Mean uterus weight was significantly higher during proestrus (F(3,39)=8.0, P<0.001) than at any other cycle stage and further confirmed proestrus identification. No change in body weight in relation to the cycle was found. Although fasted prior to culling, small amounts of stomach contents (mean=0.6g; range: 0.04-1.8g) were often present. Weight of stomach contents were significantly lower after the transition from proestrus to estrus (F(3,39)=3.2, P=0.034).
Fed and fasted plasma concentrations of ghrelin were not significantly different, however ghrelin in fasted plasma showed a tendency to be lowest during proestrus (P=0.056 ns). Ghrelin concentrations in stomach tissue did not change between cycle stages.

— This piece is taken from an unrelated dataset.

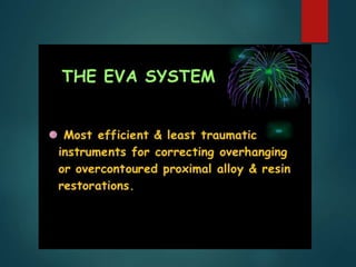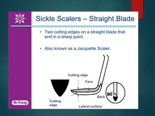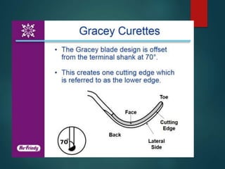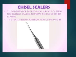 This document discusses different types of periodontal instruments and their uses. It describes five main classifications of instruments: periodontal probes, explorers, scaling/root planing/curettage instruments, periodontal endoscopes, and cleansing/polishing instruments. Specific instruments are discussed in detail within each classification, including their parts, designs, uses, and benefits. Gracey curettes, sickle scalers, hoe scalers, files, and ultrasonic instruments are some of the instruments explained in the document.

Fed plasma concentrations of PYY (paired t(41)=43.9, P<0.001) and GLP-1 (paired t(42)=5.4, P<0.001) were significantly higher than in fasted plasma, but neither differed significantly with cycle stage. GLP-1 concentration in descending colon tissue was significantly higher at proestrus than during estrus or diestrus (F(3,39)=3.9, P=0.015). Although not significant, PYY in the same tissue showed a tendency for the same pattern of concentrations as GLP-1 throughout the cycle (P=0.079 ns).
In summary, GLP-1 concentration in descending colon was significantly highest at proestrus, associated with a significant decrease in stomach contents at estrus. Observed increases in satiety hormone tissue concentrations, supported by reduced fasted stomach contents during proestrus, could contribute to the reported reduction in food intake at this time during the rat estrous cycle.